Note that it may be possible to run the same tests at various scopes, with only the test drivers / fixtures running in different configurations. This can reduce the cost for the maintaining tests, while it may also add complexity.
Test doubles (fakes, mocks, stubs) are not tied to a single scope. A unit test may fake a broker client; a system test may fake an external payment provider while using a real broker. Choose the double that isolates the failure you want to test.
Test message handling logic in isolation: serialization/deserialization, idempotency checks, compensation logic, routing decisions. All infrastructure is faked or mocked.
Good at catching: Logic errors in message handlers, incorrect deduplication, broken serialization for edge-case payloads, flawed compensation logic.
Example: A handler receives a duplicate message ID — does it skip processing? A compensation function receives a partial state — does it undo the right steps?
A single service running against technical real but local infrastructure (e.g., Testcontainers for broker and database) or fakes or mocks. The service processes messages end-to-end through its own stack, but no real remote service is involved.
Good at catching:
Producer and consumer agree on a message schema, verified independently of deployment. Each side runs its own tests against the shared contract. Neither side needs the other to be running.
Good at catching: Schema drift, breaking changes in field names or types, missing required fields, incompatible serialization formats. Especially valuable when different teams own producer and consumer.
Multiple services running together — some real, some faked. Exercises end-to-end flows across service boundaries.
Good at catching:
Start with unit tests for any non-trivial message handling logic — they're fast and cheap. Add integration scope when the service talks to a real broker or database, because those interactions are where most production failures hide. Add contract scope when producer and consumer are owned by different teams or deployed independently. Add system scope for critical flows where cross-service failure behavior matters (sagas, compensation chains, consistency guarantees).
You don't need all four for every integration. A fire-and-forget event with a single consumer may only need unit + integration. A saga across three services owned by two teams likely needs all four.
Making everything an event.

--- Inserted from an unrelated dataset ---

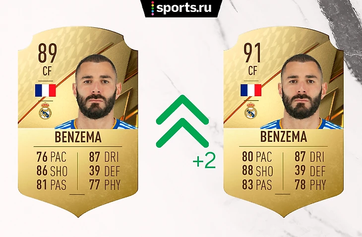Раньше Карима Бензема много критиковали, но к концу карьеры он доказал статус топ-форварда. В нынешнем сезоне француз стал одним из лучших бомбардиров мира, а в случае триумфа в ЛЧ наверняка получит «Золотой мяч». +2 от EA – ожидаемый итог.

When every action publishes an event and every component reacts to events, the system becomes impossible to trace. Commands exist for a reason — use them when the sender knows the receiver and needs confirmation.
Sending commands to every service for every operation, replicating the coupling of a monolith across the network. You get the worst of both worlds: distributed complexity with monolithic coupling. If every service change requires coordinated deployments, messaging has not helped.
Using Level 2 reliability (outbox, sagas) everywhere "just in case." Transactional guarantees are expensive in complexity and operational burden. Most communication tolerates at-least-once delivery (Level 1) or even fire-and-forget (Level 0). Match the reliability level to the actual business consequences of failure.
Designing components in isolation and deferring integration to the end. Each team builds their service with assumed message formats, assumed delivery semantics, and assumed ordering — then discovers at integration time that the assumptions don't match. The fix is expensive because contracts are baked into the internals.
Instead, integrate continuously from the start. Define message contracts early, even if the implementation behind them is trivial. Run integration tests against real (or realistic) brokers as soon as two components exist. Let integration pain surface while the design is still cheap to change.
This is also true for integrating with a (real) database, etc.
Using unbounded queues and assuming the consumer will keep up. This works until it doesn't, and then you lose messages or crash. Design for the producer being faster than the consumer from day one.